#### WHAT IS BEING ASKED:
Where a picture shows up in the listing below, omit it and output the rest exactly.

#### INFORMATION SUPPLIED:
-- -- --

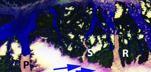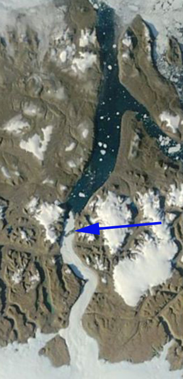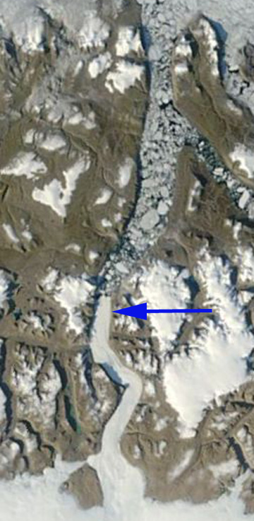 The tongue of 79 was then larger especially the northern branch up the Fjord, and the separation of the Zachariae tongue only just started.
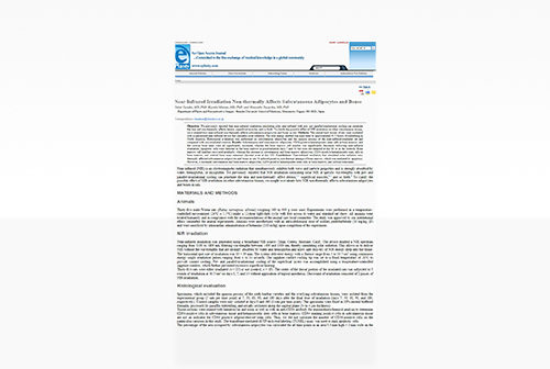 Tanaka Y, Matsuo K, Yuzuriha S. Near-infrared irradiation non-thermally affects subcutaneous adipocytes and bone. ePlasty 2011;11:e12:97-105. 近赤外線照射により、骨髄細胞が減少し、肉様膜の筋膜上の脂肪組織、骨皮質、脂肪幹細胞、骨髄幹細胞が長期にわたって増加することを報告した論文。
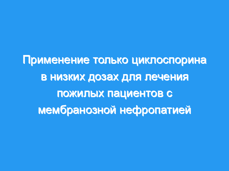 Целью данного исследования было изучение эффектов применения низких доз циклоспорина А (CsA) отдельно и комбинации низких доз CsA и низких доз гормона для лечения пожилых пациентов с мембранозной нефропатией.
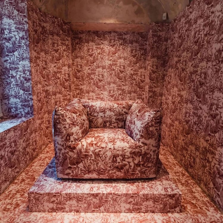 Het Fungi Forest behang van Stella McCartney x Cole & Son toont een Toile de Jouy-achtig dessin van verschillende soorten paddenstoelen die je in een bos kunt vinden. Toile de Jouy is een luxe stof voor decoraties en kleding en is bedrukt met bloem- en/of romantische motieven, zoals landschappen. De naam komt uit het Frans en betekent zoveel als ‘de stof uit Jouy’. Daarmee wordt de plaats Jouy-en-Josas bedoeld waar de stof in de 18e eeuw werd geproduceerd. Gelanceerd op Salone del Mobile 2022, vormde het Fungi Forest dessin het decor voor Stella McCartney’s Future of Fashion-tentoonstelling. Verkrijgbaar in twee kleurstellingen: Burgundy 112/1001 en Navy 122/1002

-- -- --

#### EXERCISE RESPONSE:
 The tongue of 79 was then larger especially the northern branch up the Fjord, and the separation of the Zachariae tongue only just started.
 Tanaka Y, Matsuo K, Yuzuriha S. Near-infrared irradiation non-thermally affects subcutaneous adipocytes and bone. ePlasty 2011;11:e12:97-105. 近赤外線照射により、骨髄細胞が減少し、肉様膜の筋膜上の脂肪組織、骨皮質、脂肪幹細胞、骨髄幹細胞が長期にわたって増加することを報告した論文。
 Целью данного исследования было изучение эффектов применения низких доз циклоспорина А (CsA) отдельно и комбинации низких доз CsA и низких доз гормона для лечения пожилых пациентов с мембранозной нефропатией.
 Het Fungi Forest behang van Stella McCartney x Cole & Son toont een Toile de Jouy-achtig dessin van verschillende soorten paddenstoelen die je in een bos kunt vinden. Toile de Jouy is een luxe stof voor decoraties en kleding en is bedrukt met bloem- en/of romantische motieven, zoals landschappen. De naam komt uit het Frans en betekent zoveel als ‘de stof uit Jouy’. Daarmee wordt de plaats Jouy-en-Josas bedoeld waar de stof in de 18e eeuw werd geproduceerd. Gelanceerd op Salone del Mobile 2022, vormde het Fungi Forest dessin het decor voor Stella McCartney’s Future of Fashion-tentoonstelling. Verkrijgbaar in twee kleurstellingen: Burgundy 112/1001 en Navy 122/1002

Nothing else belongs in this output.